Although the listing contains pictures, reproduce only its text, exactly as written.
# # # # #
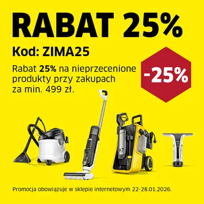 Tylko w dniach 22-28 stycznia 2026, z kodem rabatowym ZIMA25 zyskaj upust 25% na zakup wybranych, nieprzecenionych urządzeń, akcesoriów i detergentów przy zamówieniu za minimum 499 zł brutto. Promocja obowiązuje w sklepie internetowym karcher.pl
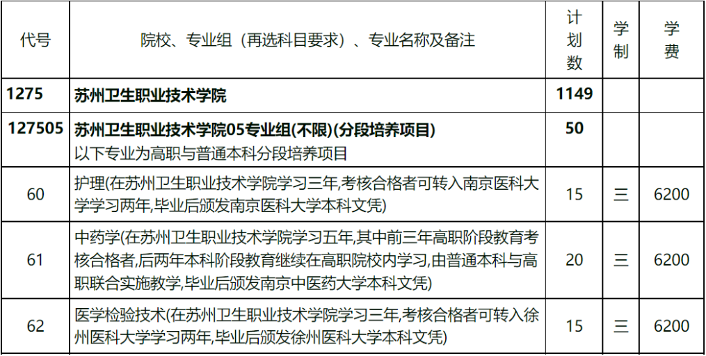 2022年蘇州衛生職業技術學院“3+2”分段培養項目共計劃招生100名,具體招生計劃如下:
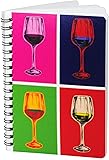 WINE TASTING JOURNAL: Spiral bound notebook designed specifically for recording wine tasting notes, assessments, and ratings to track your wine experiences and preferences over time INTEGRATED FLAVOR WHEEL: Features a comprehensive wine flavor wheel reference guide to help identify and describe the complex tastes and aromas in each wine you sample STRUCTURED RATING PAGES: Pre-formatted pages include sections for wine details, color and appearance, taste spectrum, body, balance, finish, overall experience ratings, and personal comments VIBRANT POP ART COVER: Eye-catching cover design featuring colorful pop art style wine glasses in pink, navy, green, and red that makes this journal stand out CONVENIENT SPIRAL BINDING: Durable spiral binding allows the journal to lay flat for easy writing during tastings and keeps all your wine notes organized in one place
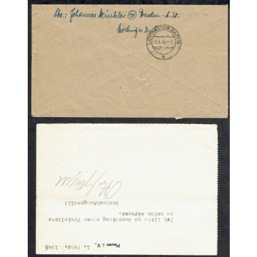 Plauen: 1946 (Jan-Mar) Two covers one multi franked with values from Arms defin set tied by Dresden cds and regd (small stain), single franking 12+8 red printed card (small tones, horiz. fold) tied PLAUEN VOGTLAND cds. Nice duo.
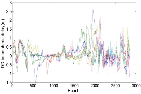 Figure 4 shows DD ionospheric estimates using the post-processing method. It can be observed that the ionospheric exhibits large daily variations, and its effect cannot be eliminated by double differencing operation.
# # # # #
(ANSWER BOX)
 Tylko w dniach 22-28 stycznia 2026, z kodem rabatowym ZIMA25 zyskaj upust 25% na zakup wybranych, nieprzecenionych urządzeń, akcesoriów i detergentów przy zamówieniu za minimum 499 zł brutto. Promocja obowiązuje w sklepie internetowym karcher.pl
 2022年蘇州衛生職業技術學院“3+2”分段培養項目共計劃招生100名,具體招生計劃如下:
 WINE TASTING JOURNAL: Spiral bound notebook designed specifically for recording wine tasting notes, assessments, and ratings to track your wine experiences and preferences over time INTEGRATED FLAVOR WHEEL: Features a comprehensive wine flavor wheel reference guide to help identify and describe the complex tastes and aromas in each wine you sample STRUCTURED RATING PAGES: Pre-formatted pages include sections for wine details, color and appearance, taste spectrum, body, balance, finish, overall experience ratings, and personal comments VIBRANT POP ART COVER: Eye-catching cover design featuring colorful pop art style wine glasses in pink, navy, green, and red that makes this journal stand out CONVENIENT SPIRAL BINDING: Durable spiral binding allows the journal to lay flat for easy writing during tastings and keeps all your wine notes organized in one place
 Plauen: 1946 (Jan-Mar) Two covers one multi franked with values from Arms defin set tied by Dresden cds and regd (small stain), single franking 12+8 red printed card (small tones, horiz. fold) tied PLAUEN VOGTLAND cds. Nice duo.
 Figure 4 shows DD ionospheric estimates using the post-processing method. It can be observed that the ionospheric exhibits large daily variations, and its effect cannot be eliminated by double differencing operation.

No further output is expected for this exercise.